We were at an optical store when the reality of Josh’s disability hit me. Josh was 8 months old and still unable to hold his bottle. I was signing papers with one hand and feeding him with the other. My arms stretched as far as my torso would allow. We were approached by a very outspoken, rude woman. I will never forget her. She looked at Josh and said “You should be holding your own bottle. You are a lazy baby. Don’t make your mom hold that for you.” I blurted out “He is disabled!!!” It came out in my need to defend him. I had never said that to a stranger. Now that it was out I needed to figure out how I was going to deal with other’s questions and remarks. Do I explain to them or ignore them? Josh was only going to get bigger. People were going to become more aware that he was different, They were going to start to ask questions and begin to stare at him. I decided that I wanted to educate people about 1p36 deletion syndrome. I wanted to help people to understand and to accept persons with disabilities.
I am so proud of Josh. He has been through more than most people could ever fathom. My silly boy is such a happy child. Josh has been hospitalized more than I can even remember. He has had 13 surgeries. That boy started physical, occupational,speech, and cognitive therapies at 2 months old. He was in therapy for 10 hours a week by the time he was 4 months old. How many infants do you know that have to work that hard just to survive?
Josh doesn’t know any other life. He may not speak but he has learned to communicate his needs and wants. He is unable to walk but he has his own way of getting around. Josh has adapted to his world . He seems to be quite happy and content.

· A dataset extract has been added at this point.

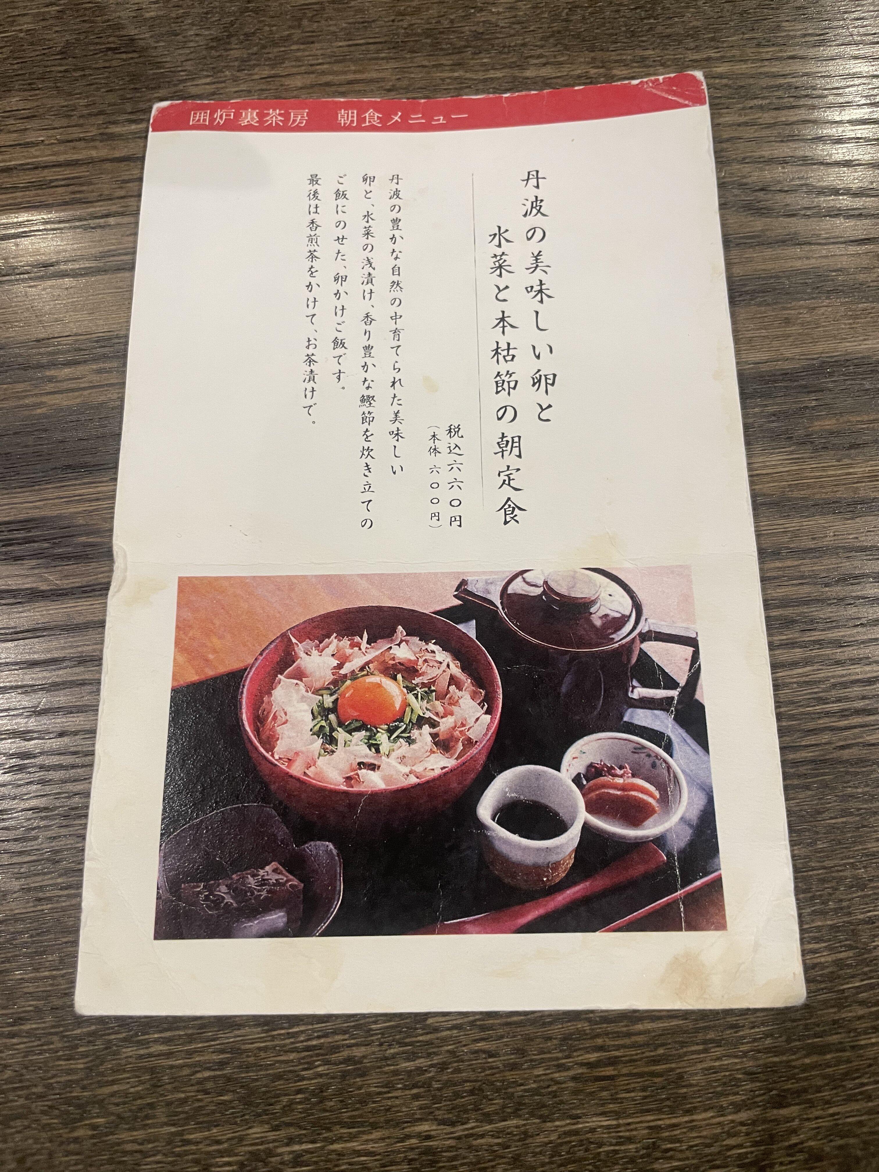その名も「丹波の美味しい卵と水菜と本枯節の朝定食」です。

Our universe comes full circle. If I hadn’t been rejected and felt isolated throughout my life I may not be so cognizant of Josh’s feelings. Josh was 3 years old when I noticed when he was complimented he would look down and sometimes cry. Not feeling worthy of kindness has also been a struggle for me. I immediately started to rectify the situation. Several times a day I would ask Josh if he is the strongest, smartest, silliest, bravest, most beautiful boy in the whole wide world? I would also make him sign yes to everyone of those questions. I would then say ” Have I told you today how much I love you? I love you more than anyone in the whole wide world.” Josh would look away and frown when we first started doing this exercise. Nine years later and we still do this everyday, but now he smiles, laughs, and signs YES as enthusiastically as he can. He knows he is awesome and loved.
I could let my past or even the struggles that come with having a severely disabled child impact me in a negative way. I choose to look at the beauty in my life. Don’t get me wrong I am not always Miss Susie Sunshine. I sometimes cry , feel overwhelmed and even sad by our unique situation. However, I have a beautiful, loving, sweet, smart, and sensitive son. I know what it is like to give and receive unconditional love. I have seen miracles take place through him. I have meant some of the most amazing people I could ever imagine knowing. Joshua has made me look at life differently. He has made me a much better person. As cheesy as it may sound how can I possibly wallow in sadness? I have been given the most incredible gift. A beautiful, healthy, funny ray of sunshine by the name of Josh.
I am thankful everyday for my crazy, wonderful, and chaotic life. I wouldn’t trade it for anything.